La face cachée de l’art moderne
Le nom d’Hilma af Klint ne vous est pas familier? Normal et pourtant. Pourtant, on ne lui doit rien de moins que d’être la véritable pionnière de l’art moderne! En effet, elle peint le premier tableau abstrait dès 1906, quatre ans1 avant celui de Vassili Kandinsky, celui que l’histoire considère comme le premier peintre abstrait. Comment expliquer que Hilma af Klint soit demeurée dans l’anonymat jusqu’au début des années 1980? Suivons le fil…
Naissance et famille
Hilma af Klint est née en 1862 au château de Karlberg, à Stockholm, en Suède. Son père, Fredrik Viktor af Klintn (1822-1898), est militaire dans la Marine royale suédoise. Il enseigne à cette époque à l’Académie militaire qui se trouve au château de Karlberg, cette ancienne résidence secondaire des familles royales de Suède que Gustave III (1746-1792) a convertie en Académie militaire royale l’année de son assassinat. Mais ça, c’est une autre histoire…
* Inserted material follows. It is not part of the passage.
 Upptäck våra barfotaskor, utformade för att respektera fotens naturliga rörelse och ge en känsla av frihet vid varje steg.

Une expression des deux côtés du miroir
La peinture d’Hilma af Klint avait deux facettes… Une de ses approches était tout à fait classique et académique, inspirée à la fois de sa passion pour la botanique et la nature ainsi que de ses étés passés sur l’île de Adelsö sur le lac Mälaren. Des paysages rondement exécutés, mais sans grand intérêt pictural. C’est cette production que les gens de son époque connaissaient, car c’est ce qu’elle présentait en public. Son autre approche inspirée du spiritisme (et non sans rapport avec sa passion pour les mathématiques) demeurait, elle, sans jeu de mots, occulte…
Le groupe « de Fem »
Un évènement dramatique survient au moment où Hilma commence ses études en art à Stockholm. Sa jeune sœur Hermina meurt à l’âge de 10 ans. Profondément marquée par son décès, Hilma commence à s’intéresser à tout ce qui a trait à la spiritualité, ce qui marquera profondément sa vie entière et… son œuvre. À l’Académie des beaux-arts, où elle entreprend des études supérieures, elle fait la rencontre d’Anna Cassel avec qui, quelques années plus tard, elle formera avec trois autres femmes le Groupe de Fem (les Cinq).
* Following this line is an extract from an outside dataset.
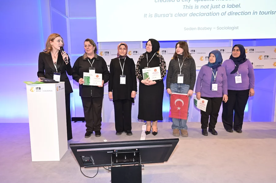 Yeşil Bursa Sürdürülebilirlik Sertifikası sürecinin öncüsü Seden Bozbey, törende yaptığı konuşmada, turizmin artık yalnızca ekonomik büyümeyle değil, sosyal ve çevresel etkisiyle de ölçüldüğünü vurguladı. Bursa'nın bu dönüşümü izleyen değil, yön veren bir şehir olduğunu ifade eden Seden Bozbey, "Kente özgü olarak geliştirilen Green Bursa modeli sadece bir sertifika sistemi değil. Yerel üretimi güçlendiren, kadın emeğini görünür kılan ve kültürel mirası koruyan bütüncül bir sürdürülebilirlik yaklaşımıdır. Süreç özellikle kadın dernekleri ve kooperatiflerle başlatıldı. 'Sürdürülebilirlik sahada başlar' mesajı paylaşıldı. Kadın örgütlerinin üretim, dayanışma ve yerel kalkınma temelli çalışmaları, Bursa'nın sürdürülebilir turizm dönüşümünün lokomotifidir. Uluslararası turizm profesyonellerini Bursa'ya davet ediyoruz. Turizmin geleceği, iş birliği, etik değerler ve kapsayıcılıkla inşa edilecektir. Bursa, bu dönüşüme hazır ve bu değişime öncülük etmeye kararlı" dedi.

La spiritualité dans l’art. L’appel de l’invisible
À la fin du XIXe et au début du XXe siècle, la spiritualité et le spiritisme étaient souvent associés aux avant-gardes, d’une part. D’autre part, nous sommes à la Belle Époque, période qui précède la première Grande Guerre. Une époque effervescente où le monde connaissait de (très) grandes transformations (les années 1960 au carré). Les inventions fusent : téléphone, rayon X, télégramme… Le monde de l’invisible se révélait (qu’en est-il aujourd’hui avec le monde quantique et ainsi de suite chez nos artistes?). Tout cela allait de pair avec un renouveau de la spiritualité. Vassili Kandinsky tout comme Hilma af Klint étaient des adeptes du théosophisme6, une philosophie qui se rendra jusqu’à nous sous l’appellation New Âge.
Aujourd’hui un œuvre célébré
Après la conférence Nordik, à Helsinki, où son œuvre abstrait fut mis à jour, ses tableaux furent présentés à maintes reprises, et ce, à travers le monde, à commencer par la grande exposition The Spiritual in Art: Abstract Painting 1890-1985, organisée par Maurice Turchman au Los Angeles County Museum of Art en 1985. Puis plusieurs expositions de groupe dans différents grands musées du monde. Et des solos à Munich, aux Pays-Bas, à Stockholm, à Berlin, à Malaga, en Louisiane, et une présence remarquée à la grande exposition de la 55e Biennale de Venise en 2013. À quand une exposition chez nous?